Cystic Fibrosis is considered a multiorgan disease that affects the lungs, digestive tract, and reproductive organs (Huether, McCance, & Brashers, 2020).  Clinical manifestations include high chloride content of sweat, meconium ileus, distal intestinal obstruction, exocrine pancreatic insufficiency, growth disturbance, male infertility, and chronic and recurrent pulmonary infections (Malhotra, Hayes, & Wozniak, 2019).  This disease is characterized by airway obstruction, chronic bacterial infection, and excessive inflammatory response (Chmiel & Davis, 2003). 
Cystic Fibrosis is caused by a mutation of the CFTR gene; this gene encodes the cystic fibrosis transmemberane conductance regulator (CFTCR).  This mutation results in abnormal expression of cystic fibrosis transmembrane conductance regulator (CFTCR) protein (an activated chloride channel that exists on the surface of many types of epithelial cells).  As a result of CFTR dysfunction, chloride and water are not transported appropriately across epithelial membranes and this results with thick and dry mucus secretions.  Approximately 2,000 different mutations in the CFTR gene have been identified (Kiedrowski & Bomberger, 2018).  These mutations are further subdivided into five classes based on how they lead to defective defective production of the CFTR protein (Kiedrowski & Bomberger, 2018).  Chronic respiratory infections and ineffective inflammatory response leading to respiratory failure and primary causes in death of these patients (Kiedrowski & Bomberger, 2018). 

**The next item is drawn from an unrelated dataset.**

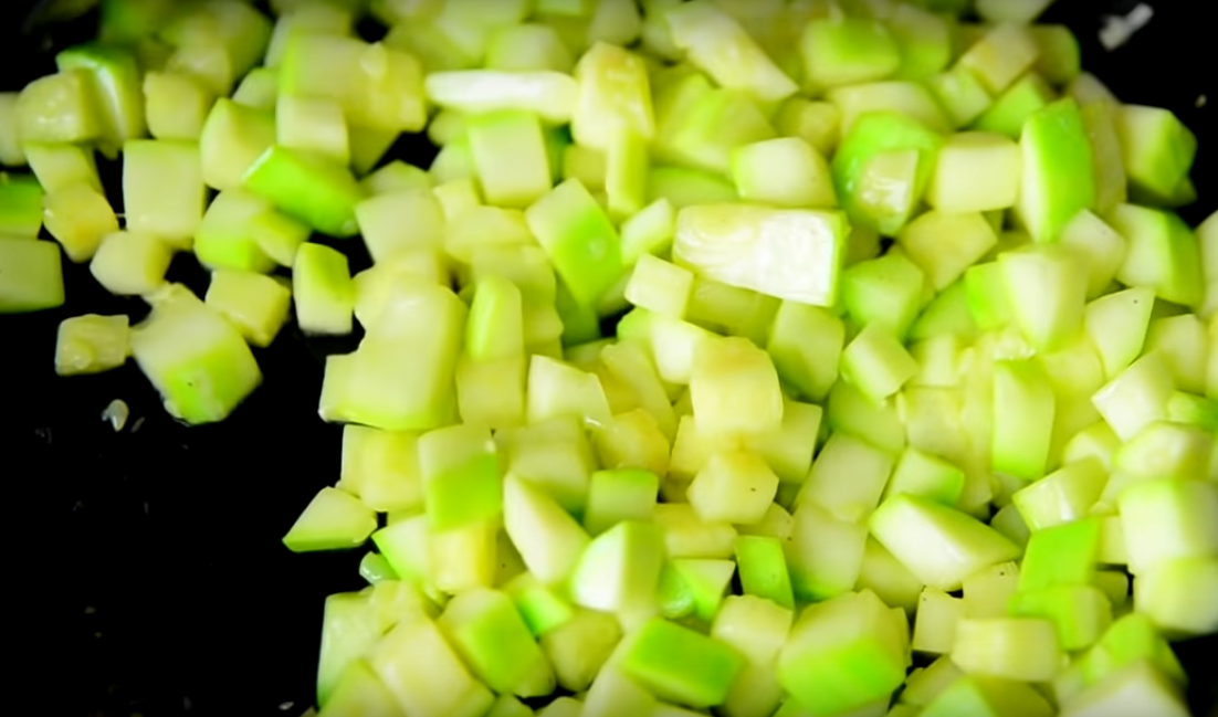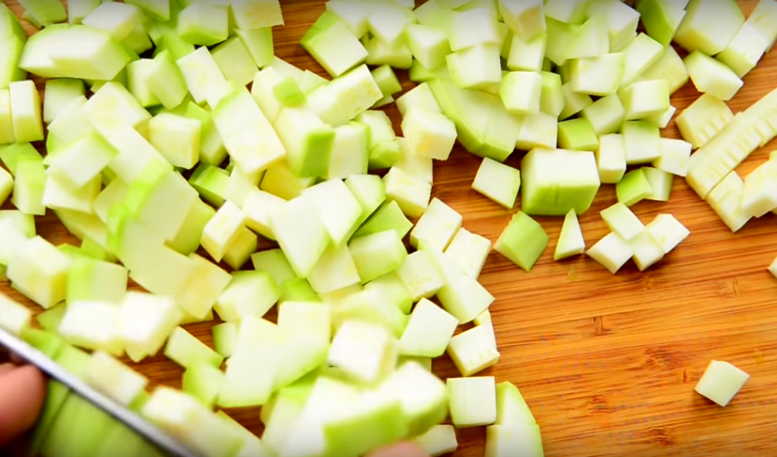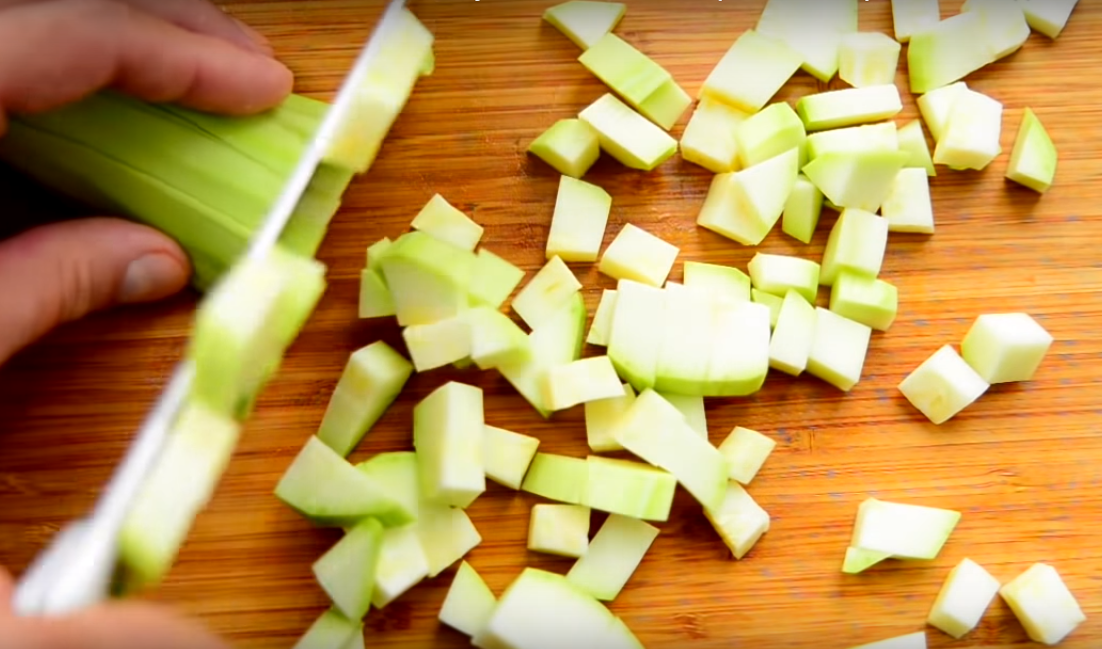 1. Подготовьте все овощи к работе, кабачки очистите от огрубевшей шкурки, если она есть. Если цукини у вас молоденькие и не переросшие, то можно и не удалять. Порубите на кубики.

Essentially, in the CF respiratory tract, there are numerous contributing factors that result from the dysfunctional CFTR protein combine to create a favorable environment for the promotion of chronic bacterial and viral infections. 
It is suggested that CFTR dysfunction results in an inability to secrete chloride and bicarbonate ions into the airway lumen; unopposed sodium reabsorption results in net water uptake by the respiratory epithelium which liquid (further results in dehydration of airway surface (Malhotra, Hayes, & Wozniak, 2019).  Dehydrated mucus affects mucociliary and cough clearance of mucus, thus providing a favorable environment for colonization and infection of opportunistic pathogens (Malhotra, Hayes, & Wozniak, 2019). 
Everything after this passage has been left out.